| REQUIREMENT |
Starting with the line that contains "Body nero elasticizzato" and ending with the last line of the listing, print each line exactly. Pictures stay out.

| SUPPLIED DATA |
--- START ---
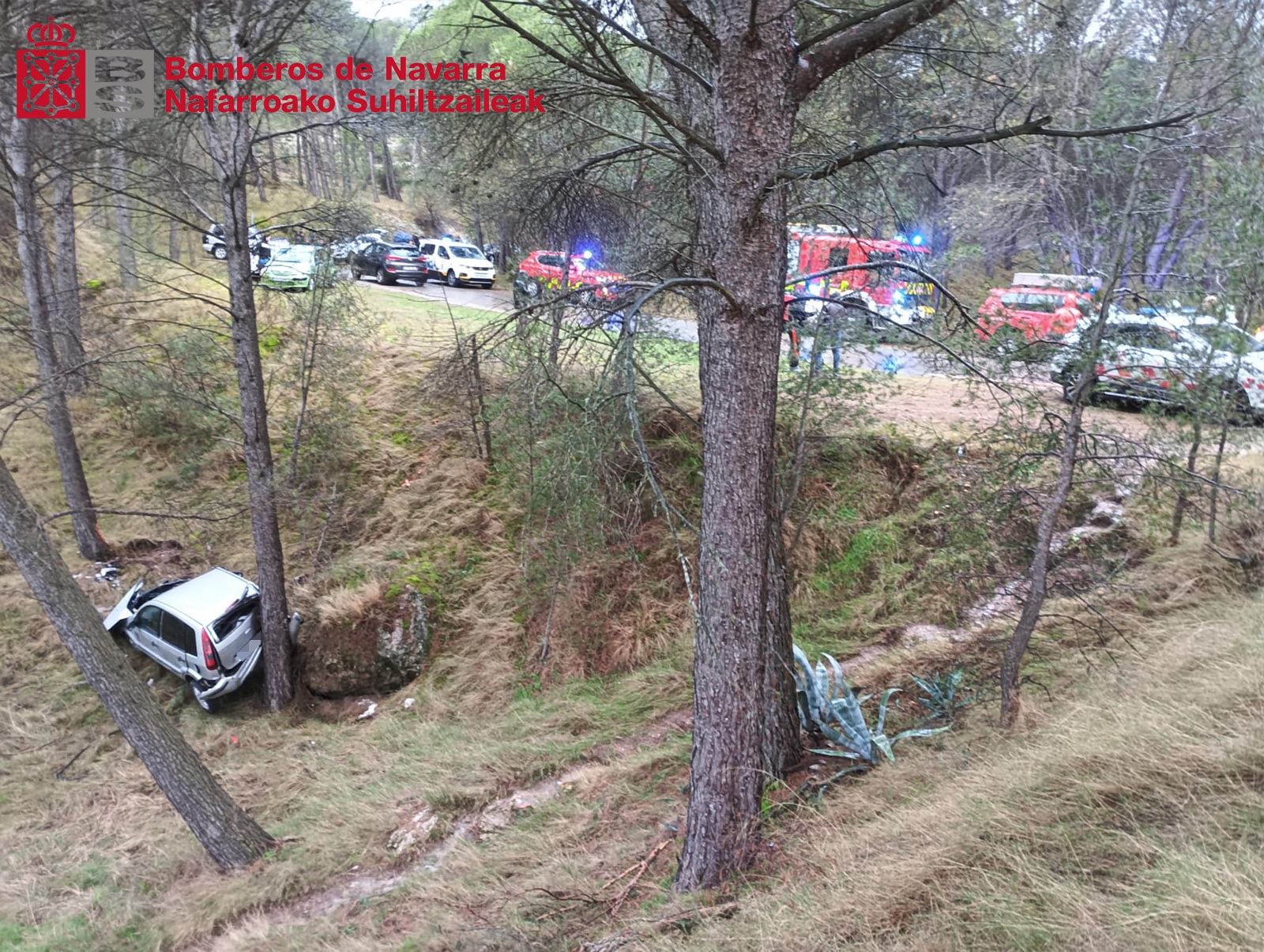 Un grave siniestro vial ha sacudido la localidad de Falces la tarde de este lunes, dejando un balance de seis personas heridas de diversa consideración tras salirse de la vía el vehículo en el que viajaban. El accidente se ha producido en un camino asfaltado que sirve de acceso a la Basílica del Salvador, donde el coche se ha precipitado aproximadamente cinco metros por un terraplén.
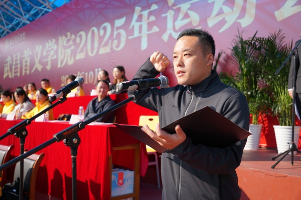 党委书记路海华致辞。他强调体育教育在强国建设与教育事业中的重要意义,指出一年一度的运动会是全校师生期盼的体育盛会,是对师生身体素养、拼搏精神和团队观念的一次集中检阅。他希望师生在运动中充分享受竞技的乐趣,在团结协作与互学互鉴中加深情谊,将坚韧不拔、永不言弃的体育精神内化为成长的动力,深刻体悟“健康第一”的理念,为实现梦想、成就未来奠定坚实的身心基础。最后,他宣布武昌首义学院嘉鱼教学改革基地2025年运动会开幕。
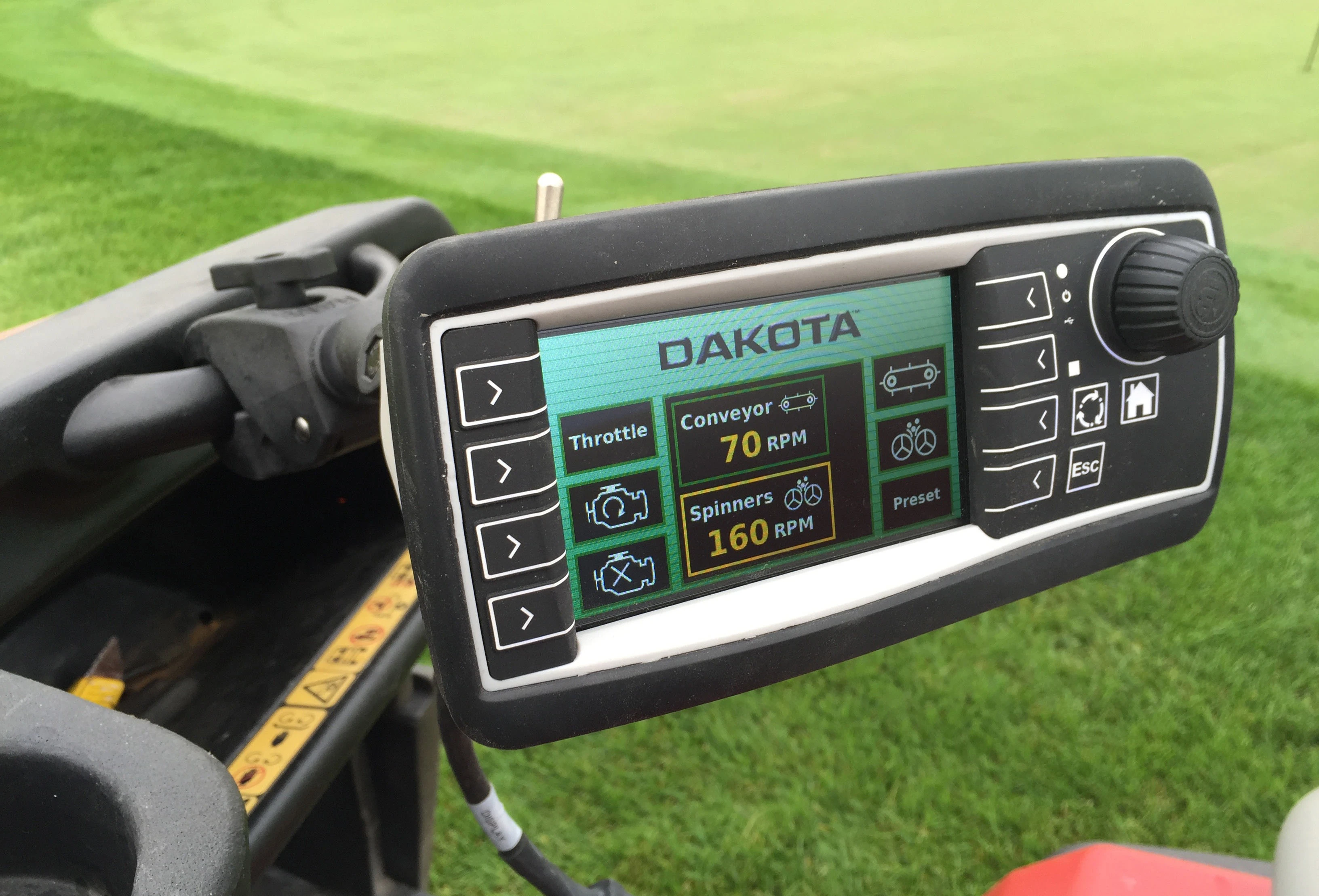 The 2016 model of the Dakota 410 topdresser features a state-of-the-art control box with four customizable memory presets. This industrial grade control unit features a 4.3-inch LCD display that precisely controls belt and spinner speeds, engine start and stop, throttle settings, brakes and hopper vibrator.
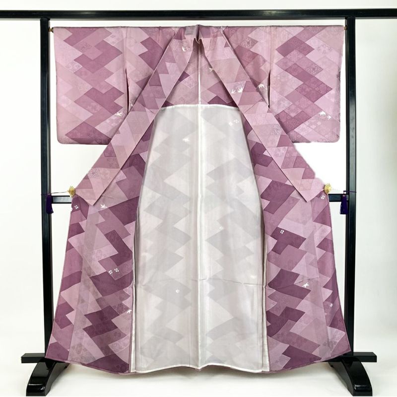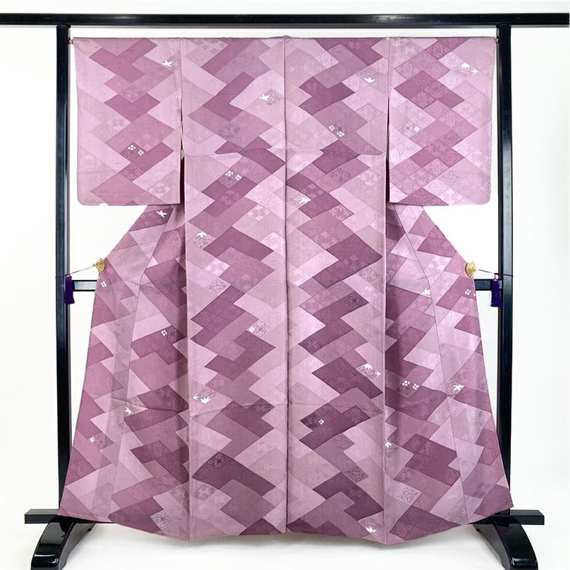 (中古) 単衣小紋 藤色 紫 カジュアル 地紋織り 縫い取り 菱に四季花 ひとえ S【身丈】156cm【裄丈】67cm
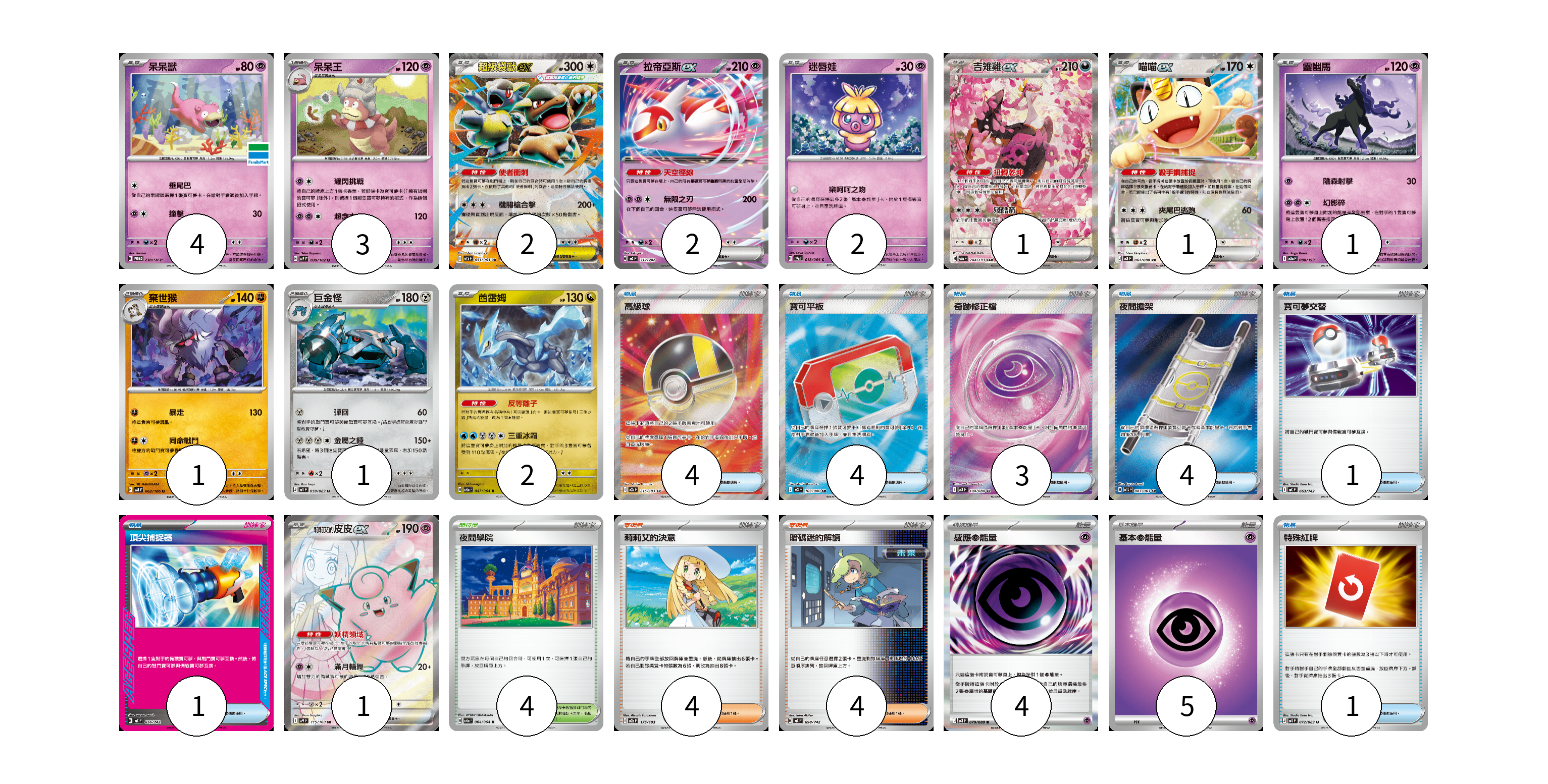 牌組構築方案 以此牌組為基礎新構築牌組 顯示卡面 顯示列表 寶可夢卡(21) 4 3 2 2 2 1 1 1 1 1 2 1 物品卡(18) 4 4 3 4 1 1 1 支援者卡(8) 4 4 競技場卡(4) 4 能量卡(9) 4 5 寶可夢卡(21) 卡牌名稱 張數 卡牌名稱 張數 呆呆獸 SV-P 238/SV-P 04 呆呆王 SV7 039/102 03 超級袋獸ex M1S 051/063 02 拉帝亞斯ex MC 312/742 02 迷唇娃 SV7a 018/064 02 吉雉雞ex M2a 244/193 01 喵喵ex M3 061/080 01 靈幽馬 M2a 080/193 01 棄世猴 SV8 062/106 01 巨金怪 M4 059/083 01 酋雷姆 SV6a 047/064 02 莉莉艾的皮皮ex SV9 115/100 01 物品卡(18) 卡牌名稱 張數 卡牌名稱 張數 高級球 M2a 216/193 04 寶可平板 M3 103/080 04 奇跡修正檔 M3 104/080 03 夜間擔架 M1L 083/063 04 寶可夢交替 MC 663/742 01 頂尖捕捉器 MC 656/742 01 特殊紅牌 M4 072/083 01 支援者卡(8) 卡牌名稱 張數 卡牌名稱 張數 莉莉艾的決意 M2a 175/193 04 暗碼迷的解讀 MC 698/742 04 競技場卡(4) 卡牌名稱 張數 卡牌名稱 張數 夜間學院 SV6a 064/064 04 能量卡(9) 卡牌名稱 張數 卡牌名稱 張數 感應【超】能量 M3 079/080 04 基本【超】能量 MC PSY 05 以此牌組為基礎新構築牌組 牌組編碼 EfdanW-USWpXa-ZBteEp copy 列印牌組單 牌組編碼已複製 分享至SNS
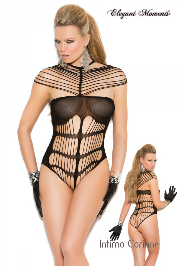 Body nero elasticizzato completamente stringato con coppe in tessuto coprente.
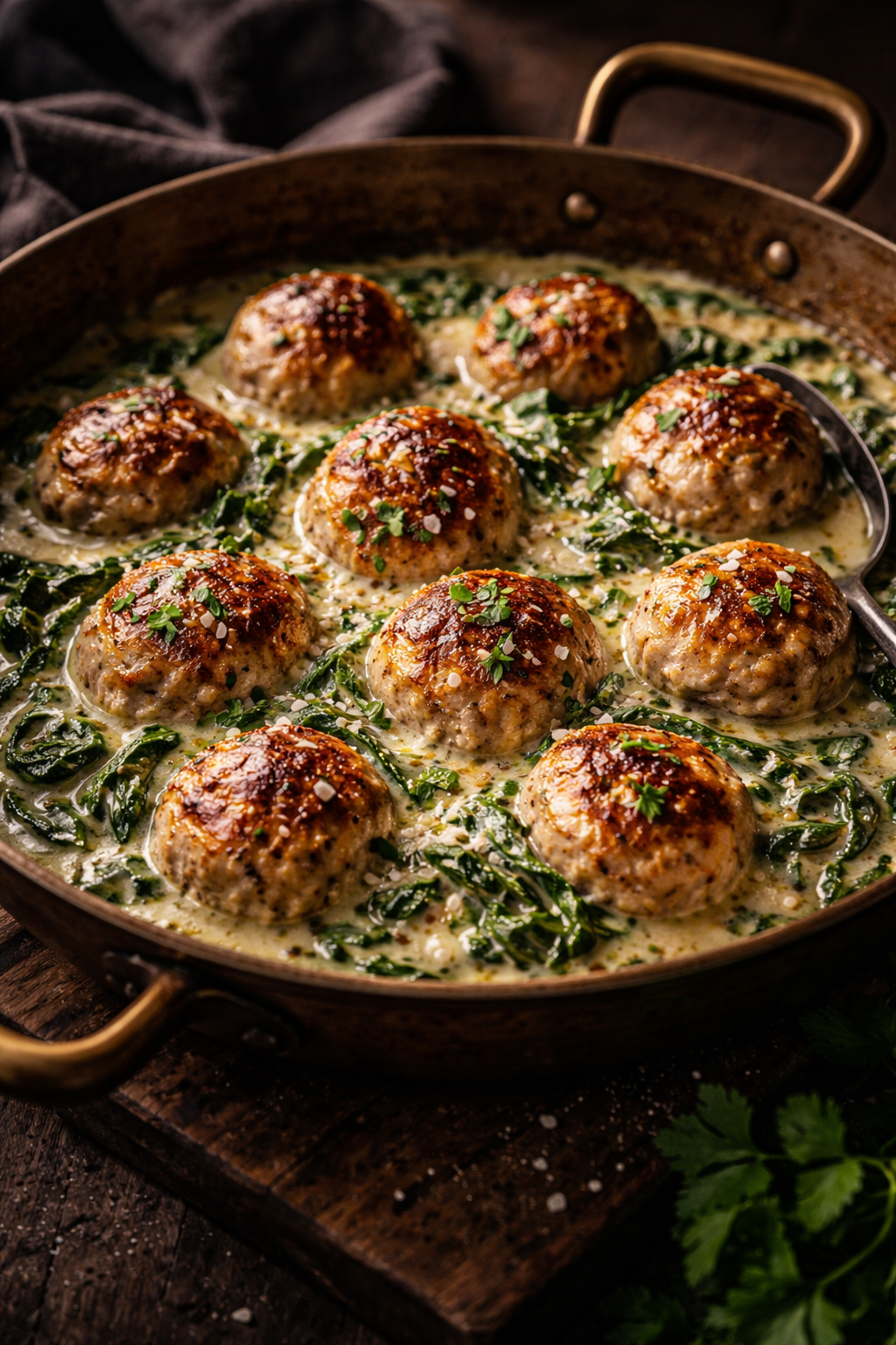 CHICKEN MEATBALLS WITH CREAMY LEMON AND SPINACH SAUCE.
--- END ---
| ANSWER SPACE |
 Body nero elasticizzato completamente stringato con coppe in tessuto coprente.
 CHICKEN MEATBALLS WITH CREAMY LEMON AND SPINACH SAUCE.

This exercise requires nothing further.